-- RECORDS --
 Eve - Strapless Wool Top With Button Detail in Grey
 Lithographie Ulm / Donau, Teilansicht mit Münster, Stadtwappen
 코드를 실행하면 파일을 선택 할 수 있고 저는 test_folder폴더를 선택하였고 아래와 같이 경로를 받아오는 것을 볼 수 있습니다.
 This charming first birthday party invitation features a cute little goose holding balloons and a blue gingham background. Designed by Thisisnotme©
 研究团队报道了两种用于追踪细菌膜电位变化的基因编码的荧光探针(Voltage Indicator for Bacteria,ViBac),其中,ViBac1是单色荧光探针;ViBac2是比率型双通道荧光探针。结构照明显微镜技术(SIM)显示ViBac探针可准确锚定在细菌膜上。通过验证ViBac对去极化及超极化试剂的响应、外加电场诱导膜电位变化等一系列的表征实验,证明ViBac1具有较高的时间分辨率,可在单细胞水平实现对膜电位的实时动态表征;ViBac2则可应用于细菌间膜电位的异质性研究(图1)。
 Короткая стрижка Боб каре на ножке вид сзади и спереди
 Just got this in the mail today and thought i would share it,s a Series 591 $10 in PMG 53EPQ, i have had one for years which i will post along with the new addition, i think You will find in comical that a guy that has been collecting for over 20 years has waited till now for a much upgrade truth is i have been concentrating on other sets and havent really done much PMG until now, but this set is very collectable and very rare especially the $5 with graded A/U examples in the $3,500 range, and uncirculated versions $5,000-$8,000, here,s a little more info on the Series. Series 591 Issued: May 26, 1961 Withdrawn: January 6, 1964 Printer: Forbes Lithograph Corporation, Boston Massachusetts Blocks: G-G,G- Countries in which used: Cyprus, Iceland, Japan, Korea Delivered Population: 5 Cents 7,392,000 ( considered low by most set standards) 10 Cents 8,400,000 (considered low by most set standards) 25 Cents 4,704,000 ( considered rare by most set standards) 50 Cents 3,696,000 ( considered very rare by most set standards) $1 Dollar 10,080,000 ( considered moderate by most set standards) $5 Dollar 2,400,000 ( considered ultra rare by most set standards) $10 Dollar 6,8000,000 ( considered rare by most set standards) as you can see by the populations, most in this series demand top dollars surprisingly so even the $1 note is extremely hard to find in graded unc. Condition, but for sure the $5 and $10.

-- YOUR OBJECTIVE --
Would you please write out, exactly and with no other lines, the stretch of the listing above from the line containing "코드를 실행하면 파일을" through the line containing "Короткая стрижка Боб"?

-- SOLUTION TO THE EXERCISE --
 코드를 실행하면 파일을 선택 할 수 있고 저는 test_folder폴더를 선택하였고 아래와 같이 경로를 받아오는 것을 볼 수 있습니다.
 This charming first birthday party invitation features a cute little goose holding balloons and a blue gingham background. Designed by Thisisnotme©
 研究团队报道了两种用于追踪细菌膜电位变化的基因编码的荧光探针(Voltage Indicator for Bacteria,ViBac),其中,ViBac1是单色荧光探针;ViBac2是比率型双通道荧光探针。结构照明显微镜技术(SIM)显示ViBac探针可准确锚定在细菌膜上。通过验证ViBac对去极化及超极化试剂的响应、外加电场诱导膜电位变化等一系列的表征实验,证明ViBac1具有较高的时间分辨率,可在单细胞水平实现对膜电位的实时动态表征;ViBac2则可应用于细菌间膜电位的异质性研究(图1)。
 Короткая стрижка Боб каре на ножке вид сзади и спереди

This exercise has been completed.